Figure 3. Forest plot of patent ductus arteriosus meta-analysis.

Antenatal corticosteroids

Seven studies mentioned antenatal corticosteroids, and the pooled results (Figure 4) indicated that antenatal was associated with a decreased risk of IVH in VLBW infants [OR = 0.68, 95%CI (0.55, 0.84), P = 0.001].

Figure 4

Figure 4. Forest plot of antenatal corticosteroids meta-analysis.

Vaginal delivery

Five studies mentioned vaginal delivery, and the pooled results (Figure 5) indicated that vaginal delivery was associated with an increased risk of IVH in VLBW infants [OR = 2.10, 95%CI (1.61, 2.72), P = 0.002].

Figure 5

Figure 5. Forest plot of vaginal delivery meta-analysis.

Neonatal thrombocytopenia

Five studies mentioned neonatal thrombocytopenia, and the pooled results (Figure 6) indicated that neonatal thrombocytopenia was associated with an increased risk of IVH in VLBW infants [OR = 2.43, 95%CI (1.79, 3.30), P = 0.01].

Figure 6

Figure 6. Forest plot of neonatal thrombocytopenia meta-analysis.

Pulmonary hemorrhage

Four studies mentioned pulmonary hemorrhage, and the pooled results (Figure 7) indicated that pulmonary hemorrhage was associated with an increased risk of IVH in VLBW infants [OR = 2.45, 95%CI (1.43, 4.20), P = 0.008]. Due to the high heterogeneity, sensitivity analysis was performed using literature-by-exclusion, and the results of the analysis (Supplementary Figure S2) suggested that the sensitivity was low and that the results of the analysis were not affected by an individual study.

Figure 7

Figure 7. Forest plot of pulmonary hemorrhage meta-analysis.

Mechanical

Six studies mentioned mechanical, and the pooled results (Figure 8) indicated that mechanical was associated with an increased risk of IVH in VLBW infants [OR = 2.09, 95%CI (1.40, 3.10), P = 0.02]. Due to the high heterogeneity, sensitivity analysis was performed using literature-by-exclusion, and the results of the analysis (Supplementary Figure S3) suggested that the sensitivity was low and that the results of the analysis were not affected by an individual study.

Figure 8

Figure 8. Forest plot of mechanical meta-analysis.

Sepsis

Seven studies mentioned sepsis, and the pooled results (Figure 9) indicated that sepsis was associated with an increased risk of IVH in VLBW infants [OR = 2.28, 95%CI (1.77, 2.95), P = 0.001].

Figure 9

Figure 9. Forest plot of sepsis meta-analysis.

Publication bias

Funnel plot and Egger's test were used to detect publication bias in the current study and the results are shown in (Supplementary Figures S4–S11), where hypotension (P = 0.35), patent ductus arteriosus (P = 0. 338), antenatal corticosteroids (P = 0.930), vaginal delivery (P = 0.945), neonatal thrombocytopenia (P = 0.242), pulmonary hemorrhage (P = 0.689), mechanical (P = 0.642), and sepsis (P = 0.265) suggesting a low likelihood of publication bias.

Discussion

This study identified multiple risk factors associated with IVH, including hypotension, patent ductus arteriosus, antenatal corticosteroids, vaginal delivery, neonatal thrombocytopenia, pulmonary hemorrhage, mechanical ventilation and sepsis.
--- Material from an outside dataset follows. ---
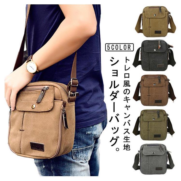 見た目以上の収納力 ショルダーバッグ メンズ トレロ キャンバス地 小さめ ミニショルダー 鞄 バッグ 斜めがけ

These findings provide valuable insights into IVH management and prevention in VLBW.

Hypotension and IVH in VLBW

Hypotension is a significant risk factor for the development of IVH in VLBW. The ratio (OR) of the meta-analysis was 3.64, suggesting that hypotension almost quadrupled the risk of developing IVH. This result is consistent with previous studies that hypotension is strongly associated with the occurrence of intraventricular hemorrhage (43). Hypotension is often accompanied by poor cerebral perfusion, which increases the likelihood of hemorrhage in the fragile fetal matrix. Studies have shown that in preterm infants, due to incomplete development of the cerebral vasculature, hypotension leads to reduced cerebral blood flow, particularly in the periventricular region, which predisposes to the development of hemorrhage (44, 45). Similar studies have found that low blood pressure is positively associated with the development of IVH [Song et al., (46)].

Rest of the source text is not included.